Torque Trading exit-scam relies on inaction by Singapore police


A Singapore Police Force report is doing the rounds, suggesting Torque Trading is preemptively hoping to undermine victim complaints.

The Police Report is designated NP299, which as I understand is a general report.

The report number is A/20210214/7007, filed at Central Division HQ, Cantonment Complex, Singapore.

The filer is Bernard Ong Hock Fong, CEO of Torque Trading and Director of Snap Innovations.

The date the report was filed is February 14th. Ong’s personal details and the “location of incident” have been redacted.

As alleged in the report, Ong has reported

unauthorised crypto-trading activites and dishonest conduct by the former Chief Technology Officer of Torque Group (offences committed in Vietnam against BVI and Vietnamese operating entites and their international customer base by a Singaporean citizen).

The statement provided by Ong reveals the true intent of the filing (which I’ll address later).

We are filing this report on behalf of Torque Group Holdings Ltd. (British Virgin Island Company No. 2024611).

Torque Group has engaged the services of Torque Technologies Co. Ltd (Vietnam Company Registration No. 0316214218) to develop IT services for Torque Group.

Neither company is domiciled, registered or present in Singapore. Neither company has business operations in Singapore.

This is of course bullshit, seeing as Ong and friends literally ran Torque Trading from within Singapore itself.
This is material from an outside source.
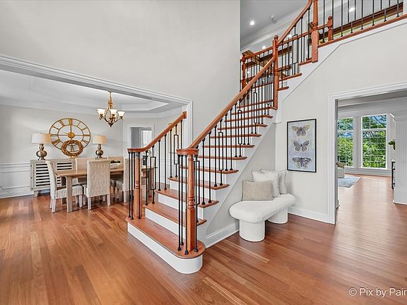 FALL IN LOVE WITH THIS EXCEPTIONAL FOX MILL STUNNER! SUNNY AND BRIGHT CUSTOM-BUILT DERRICO HOME WITH A SPRAWLING FLOOR PLAN THAT IS PERFECT FOR ENTERTAINING! TIMELESS SOLID BUILT BEAUTY FEATURES 3/4 ALL BRICK AND STONE EXTERIOR AND 3-1/2 CAR SIDE LOAD GARAGE ~ PEACEFUL PRIVATE SETTING BACKING TO PRIVACY TREES WITH WETLANDS AND POND JUST BEYOND AND NO NEIGHBORS BEHIND ~ COVERED FRONT ENTRY LEADS INTO AN IMPRESSIVE 2 STORY FOYER WITH A SPLIT DUAL STAIRCASE ~ GLEAMING REFINISHED HARDWOOD FLOORING THROUGHOUT THE MAIN LEVEL ~ HANDSOME 1ST FLOOR HOME OFFICE WITH BUILT-IN SHELVING, COFFERED CEILING, WAINSCOTING, AND GLASS FRENCH DOORS. A RELAXING VERSATILE 1ST FLOOR SUNROOM COULD ALSO SERVE AS A PERFECT LIVING ROOM OR A FUTURE 1ST FLOOR BEDROOM ~ DRAMATIC 2 STORY FAMILY ROOM W/FLOOR TO CEILING WINDOWS, 2 STORY WARM BRICK FIREPLACE, CAPTIVATING COFFERED CEILING AN OPEN CATWALK ABOVE AND GALLERY HALLWAY BELOW ADDING A TOUCH OF ARCHITECTURAL ELEGANCE ~ FORMAL DINING ROOM WITH WAINSCOTING, TRAY CEILING AND CROWN MOLDING ~ ENORMOUS SUNNY EAT-IN KITCHEN WITH QUARTZ COUNTERS, STAINLESS STEEL APPLIANCES, BREAKFAST BAR ISLAND, PLETHORA OF CABINETS AND COUNTER SPACE, BUTLERS PANTRY WITH WET BAR, A WALK-IN PANTRY, A BREAKFAST ROOM WITH FIREPLACE + DOOR TO NEW DECK ~ 1ST FLOOR LAUNDRY ROOM WITH A CLOSET, SINK AND CABINETS. DOUBLE DOOR ENTRY LEADS INTO AN ENORMOUS PRIMARY SUITE DESIGNED FOR COMFORT FEATURING A WARM FIREPLACE A PRIVATE BATHROOM OASIS, COMPLETE WITH A MASSIVE JACUZZI TUB, A DUAL-HEAD SHOWER WITH A BUILT-IN SEATING WALL, AND DUAL VANITY SINKS + A HUGE 19X12 WALK-IN CLOSET ~ SIZABLE 2ND AND 3RD BEDROOMS WITH VOLUME CEILING, A JACK-N-JILL BATHROOM + WALK-IN CLOSETS ~ 4TH BEDROOM WITH A PRIVATE FULL BATHROOM AND WALK-IN CLOSET ~ FULL FINISHED WALK-OUT BASEMENT IS AN ENTERTAINERS DREAM AND FINISHED TO PERFECTION: FEATURING A HUGE REC ROOM WITH FIREPLACE, WINE CELLAR, EXERCISE ROOM, 5TH BEDROOM WITH FULL ADJACENT BATHROOM, A PLAYROOM, A 12X8 WALK-IN CLOSET, ENORMOUS STORAGE AND UTILTY ROOM + DOORS THAT LEAD TO A BRICK PAVER PATIO WITH FIRE-PIT AND A WONDERFUL PRIVATE BACKYARD! 5TH BEDROOM IS IDEAL FOR AN IN-LAW ARRANGEMENT, TEEN SPACE, OR GUEST SUITE ~ PROFESSIONALLY LANDSCAPED YARD WITH FLAGSTONE STEPS + IN GROUND SPRINKLER SYSTEM. ENTIRE HOME HAS BEEN UPDATED AND REFRESHED JUST FOR YOU + NEW ROOF TOO! NEW ENJOY ACRES OF OPEN SPACE, MILES OF PAVED BIKE TRAILS, WALKING PATHS, 11 PARKS, FISHING PONDS + POOL & CLUBHOUSE/COMMUNITY CENTER WITH MEETING ROOM, AND GORGEOUS GATHERING ROOM WITH FULL KITCHEN, PLUS SEVERAL COMMUNITY EVENTS THROUGHOUT THE YEAR THAT INCLUDE: 4TH OF JULY PARADE, 5K RACE, EASTER EGG HUNT, COOKIES WITH SANTA, SCHOOLS OUT PARTY, BOOK CLUB, BUNCO, FOX MILL SWIM TEAM AND SO MUCH MORE! BELL GRAHAM ELEMENTARY SCHOOL IS LOCATED IN THE SUBDIVISION + SHOPPING, DINING, DOWNTOWN STC + METRA STATION, AND MUCH MORE JUST MINUTES AWAY!

The offences against these companies (and by implication, against funds belonging to international customers of these companies) did not occur in Singapore, but rather in Vietnam.

However, the suspected individual is a Singapore citizen ordinarily resident [sic] in Vietnam.

The suspected individual is the former CTO of Torque Technologies, a Mr. Wu Zhongyi (alias Zee Wu).

Wu’s Singapore National Registration identity number and passport number are redacted.

We are filing this police report with the Singapore Police Force as the suspected individual has gone missing and might surface in this country of citizenship or might travel on a passport issued by his country of citizenship.

The report goes onto detail previously allegations made in Torque Trading’s “bad trades” exit-scam.

Authorities in south-east Asia are notorious for not doing anything if MLM related crime leads offshore.

Here we have Torque Trading setting up Singapore Police with breadcrumbs that lead to the BVI and Vietnam.

They know Singapore Police are unlikely to follow either thread, largely owing to jurisdictional issues.

So why bother a filing a police report then?

The idea is that any victim complaints will lead back to this complaint, Singapore Police will see Vietnam and BVI, shrug and file the complaint into the “too hard” basket.

Days will drag into weeks, weeks into months… and that’ll be that.

Wu Zhongyi will never be heard from again, it’s all part of the plan.

Should an officer at Singapore Police Force actually investigate, or better yet someone at MAS, they’d soon realize Torque Trading pretending to be an offshore Ponzi is smoke and mirrors.

Through its Directors Snap Innovations has ties to multiple MLM Ponzi schemes. This isn’t their first rodeo.

COVID-19 has altered the exit-scam playbook slightly, but the end result is the same.

You can take your 90% loss with a smile, wait around for endless excuses and get nothing back, or file your own complaint with MAS and Singapore Police.

Top Torque Trading investors who got in early, scammed what they could from recruits and the system, have already moved on.

Take Shohan Bowala, a primary Torque Trading Ponzi promoter with a sizable downline.

Having stolen however much he stole from Torque Trading victims, Bowala is already touting “something” new to scam people with.

The only people defending Torque Trading at this point are gullible first-timers, and/or those who invested far more than they’re comfortable losing.

Your money is gone. You know this ends…

 

Update 16th February 2022 – The Snap Innovations scammers behind Torque Trading have returned with RoboFi, a non-MLM crypto Ponzi.